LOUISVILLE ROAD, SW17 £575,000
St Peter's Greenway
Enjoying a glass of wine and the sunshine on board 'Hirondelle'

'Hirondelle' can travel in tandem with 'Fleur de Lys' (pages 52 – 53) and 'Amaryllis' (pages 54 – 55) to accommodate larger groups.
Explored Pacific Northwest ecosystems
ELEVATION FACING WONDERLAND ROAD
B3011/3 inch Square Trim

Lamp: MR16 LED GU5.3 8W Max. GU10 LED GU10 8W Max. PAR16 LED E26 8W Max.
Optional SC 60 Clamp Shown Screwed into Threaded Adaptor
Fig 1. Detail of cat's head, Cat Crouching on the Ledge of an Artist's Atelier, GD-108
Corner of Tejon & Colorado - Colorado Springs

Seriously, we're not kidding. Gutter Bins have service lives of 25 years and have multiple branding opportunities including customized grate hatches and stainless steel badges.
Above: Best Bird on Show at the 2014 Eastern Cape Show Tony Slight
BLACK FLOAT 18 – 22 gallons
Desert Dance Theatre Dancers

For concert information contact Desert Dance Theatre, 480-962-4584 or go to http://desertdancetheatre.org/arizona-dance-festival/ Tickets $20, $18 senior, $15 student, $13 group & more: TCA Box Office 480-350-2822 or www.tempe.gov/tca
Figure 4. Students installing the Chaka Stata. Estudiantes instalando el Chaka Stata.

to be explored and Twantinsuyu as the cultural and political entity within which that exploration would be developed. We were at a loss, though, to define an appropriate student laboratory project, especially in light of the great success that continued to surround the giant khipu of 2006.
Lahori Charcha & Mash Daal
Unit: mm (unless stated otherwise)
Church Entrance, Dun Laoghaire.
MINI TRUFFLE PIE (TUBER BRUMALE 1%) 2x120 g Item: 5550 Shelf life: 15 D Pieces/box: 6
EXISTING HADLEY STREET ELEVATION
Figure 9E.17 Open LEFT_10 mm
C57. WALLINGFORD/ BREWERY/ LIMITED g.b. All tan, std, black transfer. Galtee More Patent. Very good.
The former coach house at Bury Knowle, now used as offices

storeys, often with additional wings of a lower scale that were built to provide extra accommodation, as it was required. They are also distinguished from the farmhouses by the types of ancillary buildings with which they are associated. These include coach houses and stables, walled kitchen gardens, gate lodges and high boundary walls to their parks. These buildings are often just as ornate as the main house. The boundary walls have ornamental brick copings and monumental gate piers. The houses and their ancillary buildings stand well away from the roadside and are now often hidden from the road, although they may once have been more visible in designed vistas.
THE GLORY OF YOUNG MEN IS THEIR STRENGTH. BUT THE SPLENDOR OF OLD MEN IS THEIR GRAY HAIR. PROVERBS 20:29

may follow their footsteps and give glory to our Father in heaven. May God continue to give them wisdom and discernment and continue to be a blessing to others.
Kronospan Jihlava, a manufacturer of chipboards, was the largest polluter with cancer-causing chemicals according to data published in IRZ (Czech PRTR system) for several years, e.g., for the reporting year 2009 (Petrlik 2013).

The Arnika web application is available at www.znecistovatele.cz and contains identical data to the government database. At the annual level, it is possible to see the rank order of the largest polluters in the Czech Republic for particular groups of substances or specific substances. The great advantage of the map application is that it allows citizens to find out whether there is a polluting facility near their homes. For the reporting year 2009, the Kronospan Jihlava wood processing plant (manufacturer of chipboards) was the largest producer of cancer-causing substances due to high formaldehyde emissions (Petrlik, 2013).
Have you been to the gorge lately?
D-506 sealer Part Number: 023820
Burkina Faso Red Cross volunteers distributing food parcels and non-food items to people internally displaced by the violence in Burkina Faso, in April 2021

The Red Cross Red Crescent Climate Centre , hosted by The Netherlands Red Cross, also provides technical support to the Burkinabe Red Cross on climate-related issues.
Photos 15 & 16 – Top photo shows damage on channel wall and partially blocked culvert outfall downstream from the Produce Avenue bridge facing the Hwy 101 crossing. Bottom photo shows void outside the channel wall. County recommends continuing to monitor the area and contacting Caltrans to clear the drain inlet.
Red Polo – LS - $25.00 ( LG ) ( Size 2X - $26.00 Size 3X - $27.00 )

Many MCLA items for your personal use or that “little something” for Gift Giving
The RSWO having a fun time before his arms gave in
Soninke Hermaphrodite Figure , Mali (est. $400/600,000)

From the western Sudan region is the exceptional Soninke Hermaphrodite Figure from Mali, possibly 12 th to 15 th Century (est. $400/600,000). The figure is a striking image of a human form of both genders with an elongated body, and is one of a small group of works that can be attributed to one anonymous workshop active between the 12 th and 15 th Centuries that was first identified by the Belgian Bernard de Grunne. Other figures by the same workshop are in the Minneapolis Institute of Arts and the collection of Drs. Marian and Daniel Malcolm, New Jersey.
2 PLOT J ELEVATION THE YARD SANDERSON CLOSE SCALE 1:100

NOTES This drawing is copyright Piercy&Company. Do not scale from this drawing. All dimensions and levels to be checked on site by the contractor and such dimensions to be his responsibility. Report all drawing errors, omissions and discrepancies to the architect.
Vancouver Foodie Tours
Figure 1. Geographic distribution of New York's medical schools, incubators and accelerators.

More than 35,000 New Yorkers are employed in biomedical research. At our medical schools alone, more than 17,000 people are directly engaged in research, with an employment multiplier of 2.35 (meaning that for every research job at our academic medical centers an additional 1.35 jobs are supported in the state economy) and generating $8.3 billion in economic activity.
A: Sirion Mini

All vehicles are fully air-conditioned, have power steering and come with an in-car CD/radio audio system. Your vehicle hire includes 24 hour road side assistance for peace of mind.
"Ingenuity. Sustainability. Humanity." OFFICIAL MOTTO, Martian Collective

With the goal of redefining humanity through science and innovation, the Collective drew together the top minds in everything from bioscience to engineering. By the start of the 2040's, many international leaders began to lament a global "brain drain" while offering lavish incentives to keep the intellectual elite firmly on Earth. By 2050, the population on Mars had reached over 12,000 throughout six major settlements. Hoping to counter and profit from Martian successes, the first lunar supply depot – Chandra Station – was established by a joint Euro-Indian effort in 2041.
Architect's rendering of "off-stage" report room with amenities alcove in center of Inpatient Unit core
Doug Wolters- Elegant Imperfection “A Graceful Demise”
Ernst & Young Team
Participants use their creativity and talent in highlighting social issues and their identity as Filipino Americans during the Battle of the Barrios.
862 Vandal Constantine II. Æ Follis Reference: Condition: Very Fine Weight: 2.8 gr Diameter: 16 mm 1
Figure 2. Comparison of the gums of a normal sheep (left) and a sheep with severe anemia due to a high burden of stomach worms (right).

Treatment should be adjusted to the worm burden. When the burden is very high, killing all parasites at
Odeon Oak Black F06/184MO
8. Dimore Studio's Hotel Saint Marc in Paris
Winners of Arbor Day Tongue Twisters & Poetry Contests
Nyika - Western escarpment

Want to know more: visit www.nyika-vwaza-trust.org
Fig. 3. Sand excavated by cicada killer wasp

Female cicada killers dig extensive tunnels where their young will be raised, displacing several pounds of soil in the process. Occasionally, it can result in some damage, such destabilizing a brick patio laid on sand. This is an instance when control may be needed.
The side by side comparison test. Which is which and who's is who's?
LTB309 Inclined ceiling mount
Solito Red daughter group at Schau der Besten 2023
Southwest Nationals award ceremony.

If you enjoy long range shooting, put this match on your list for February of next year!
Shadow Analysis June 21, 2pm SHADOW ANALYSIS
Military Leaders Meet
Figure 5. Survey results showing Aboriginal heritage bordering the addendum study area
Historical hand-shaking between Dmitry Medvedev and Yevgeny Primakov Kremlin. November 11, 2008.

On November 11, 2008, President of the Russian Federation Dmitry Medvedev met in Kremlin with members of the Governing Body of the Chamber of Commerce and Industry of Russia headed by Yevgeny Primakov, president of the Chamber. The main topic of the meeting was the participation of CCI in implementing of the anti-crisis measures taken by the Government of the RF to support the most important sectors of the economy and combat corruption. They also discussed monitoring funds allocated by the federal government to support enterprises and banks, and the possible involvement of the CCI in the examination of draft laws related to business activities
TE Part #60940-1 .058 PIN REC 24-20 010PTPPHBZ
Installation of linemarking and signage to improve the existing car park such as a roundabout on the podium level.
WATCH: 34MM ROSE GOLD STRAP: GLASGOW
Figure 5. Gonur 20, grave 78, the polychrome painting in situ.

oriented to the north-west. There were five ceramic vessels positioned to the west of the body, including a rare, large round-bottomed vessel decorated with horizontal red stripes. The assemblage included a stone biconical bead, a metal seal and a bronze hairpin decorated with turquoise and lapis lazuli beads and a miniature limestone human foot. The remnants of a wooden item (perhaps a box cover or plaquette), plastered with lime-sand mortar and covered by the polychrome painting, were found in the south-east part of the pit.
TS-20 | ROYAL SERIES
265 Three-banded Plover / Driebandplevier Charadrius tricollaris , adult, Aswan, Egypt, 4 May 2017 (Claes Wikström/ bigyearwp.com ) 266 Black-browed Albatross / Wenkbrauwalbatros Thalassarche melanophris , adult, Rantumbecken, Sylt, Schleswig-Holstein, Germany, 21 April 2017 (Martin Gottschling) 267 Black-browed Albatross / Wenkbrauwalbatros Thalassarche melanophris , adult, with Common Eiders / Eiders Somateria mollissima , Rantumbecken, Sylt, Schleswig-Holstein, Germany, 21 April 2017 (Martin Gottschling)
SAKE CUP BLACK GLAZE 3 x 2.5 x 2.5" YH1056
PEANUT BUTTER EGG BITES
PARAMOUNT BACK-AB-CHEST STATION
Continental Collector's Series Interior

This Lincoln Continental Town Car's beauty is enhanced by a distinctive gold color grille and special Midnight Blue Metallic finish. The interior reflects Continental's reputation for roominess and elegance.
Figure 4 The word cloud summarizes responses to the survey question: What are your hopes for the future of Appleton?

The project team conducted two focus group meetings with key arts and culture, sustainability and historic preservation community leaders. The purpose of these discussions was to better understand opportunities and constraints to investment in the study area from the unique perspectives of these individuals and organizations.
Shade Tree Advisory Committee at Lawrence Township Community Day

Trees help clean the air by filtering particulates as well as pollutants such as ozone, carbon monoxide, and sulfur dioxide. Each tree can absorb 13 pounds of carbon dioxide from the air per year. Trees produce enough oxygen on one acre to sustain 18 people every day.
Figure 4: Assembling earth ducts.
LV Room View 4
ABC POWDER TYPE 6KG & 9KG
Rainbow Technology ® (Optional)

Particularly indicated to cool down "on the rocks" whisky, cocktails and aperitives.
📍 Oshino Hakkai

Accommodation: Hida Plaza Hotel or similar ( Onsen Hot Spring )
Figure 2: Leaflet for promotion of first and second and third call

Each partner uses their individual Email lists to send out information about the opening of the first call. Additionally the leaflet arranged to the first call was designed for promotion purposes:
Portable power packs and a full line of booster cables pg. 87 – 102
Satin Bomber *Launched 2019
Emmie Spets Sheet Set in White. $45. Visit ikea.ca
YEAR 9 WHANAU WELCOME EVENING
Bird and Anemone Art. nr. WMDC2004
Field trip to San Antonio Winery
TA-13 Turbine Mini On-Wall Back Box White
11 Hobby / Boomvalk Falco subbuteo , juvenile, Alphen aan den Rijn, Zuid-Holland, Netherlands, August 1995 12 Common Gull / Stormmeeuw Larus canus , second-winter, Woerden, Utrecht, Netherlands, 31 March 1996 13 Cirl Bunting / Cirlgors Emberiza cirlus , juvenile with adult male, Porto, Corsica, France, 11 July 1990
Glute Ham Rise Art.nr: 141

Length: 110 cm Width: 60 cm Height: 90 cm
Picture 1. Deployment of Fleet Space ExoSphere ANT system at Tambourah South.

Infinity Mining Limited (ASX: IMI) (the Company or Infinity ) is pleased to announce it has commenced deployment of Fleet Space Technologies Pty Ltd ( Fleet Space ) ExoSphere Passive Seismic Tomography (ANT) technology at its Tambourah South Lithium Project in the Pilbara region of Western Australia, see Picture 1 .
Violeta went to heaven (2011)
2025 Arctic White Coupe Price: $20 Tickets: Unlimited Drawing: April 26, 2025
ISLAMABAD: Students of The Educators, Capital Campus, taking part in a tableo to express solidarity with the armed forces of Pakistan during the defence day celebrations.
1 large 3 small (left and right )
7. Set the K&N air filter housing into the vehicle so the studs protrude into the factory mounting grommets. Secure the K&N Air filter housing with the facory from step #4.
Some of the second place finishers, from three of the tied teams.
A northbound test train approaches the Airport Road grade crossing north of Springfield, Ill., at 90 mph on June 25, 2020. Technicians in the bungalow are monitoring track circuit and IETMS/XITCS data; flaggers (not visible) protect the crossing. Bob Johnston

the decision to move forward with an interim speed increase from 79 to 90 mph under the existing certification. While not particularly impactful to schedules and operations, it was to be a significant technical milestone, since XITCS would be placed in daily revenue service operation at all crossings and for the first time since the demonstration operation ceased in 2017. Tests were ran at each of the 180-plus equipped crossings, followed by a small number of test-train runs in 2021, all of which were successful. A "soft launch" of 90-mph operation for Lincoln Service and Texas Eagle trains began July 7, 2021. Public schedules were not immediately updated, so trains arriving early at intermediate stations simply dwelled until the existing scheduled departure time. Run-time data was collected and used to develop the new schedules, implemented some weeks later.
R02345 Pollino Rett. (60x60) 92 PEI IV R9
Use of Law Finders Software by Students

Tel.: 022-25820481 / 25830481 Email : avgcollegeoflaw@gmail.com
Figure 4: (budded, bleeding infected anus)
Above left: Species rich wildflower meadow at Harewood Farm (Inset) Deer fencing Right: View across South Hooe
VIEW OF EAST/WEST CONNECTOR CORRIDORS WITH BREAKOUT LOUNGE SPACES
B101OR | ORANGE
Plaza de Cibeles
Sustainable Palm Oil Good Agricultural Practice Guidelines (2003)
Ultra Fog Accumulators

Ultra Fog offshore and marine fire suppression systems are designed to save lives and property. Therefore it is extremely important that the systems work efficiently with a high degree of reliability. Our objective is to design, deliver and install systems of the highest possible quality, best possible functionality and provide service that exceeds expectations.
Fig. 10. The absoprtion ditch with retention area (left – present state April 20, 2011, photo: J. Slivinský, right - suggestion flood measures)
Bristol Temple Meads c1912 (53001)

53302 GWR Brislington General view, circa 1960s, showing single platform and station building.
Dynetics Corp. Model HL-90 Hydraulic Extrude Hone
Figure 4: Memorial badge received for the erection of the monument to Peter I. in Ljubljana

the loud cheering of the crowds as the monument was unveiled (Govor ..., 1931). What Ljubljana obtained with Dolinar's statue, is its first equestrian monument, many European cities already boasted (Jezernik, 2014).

# Description of the task
Exactly as written, reproduce the lines of the data above from the first line through the line where "ELEVATION FACING WONDERLAND ROAD" appears.

# Output below
LOUISVILLE ROAD, SW17 £575,000
St Peter's Greenway
Enjoying a glass of wine and the sunshine on board 'Hirondelle'

'Hirondelle' can travel in tandem with 'Fleur de Lys' (pages 52 – 53) and 'Amaryllis' (pages 54 – 55) to accommodate larger groups.
Explored Pacific Northwest ecosystems
ELEVATION FACING WONDERLAND ROAD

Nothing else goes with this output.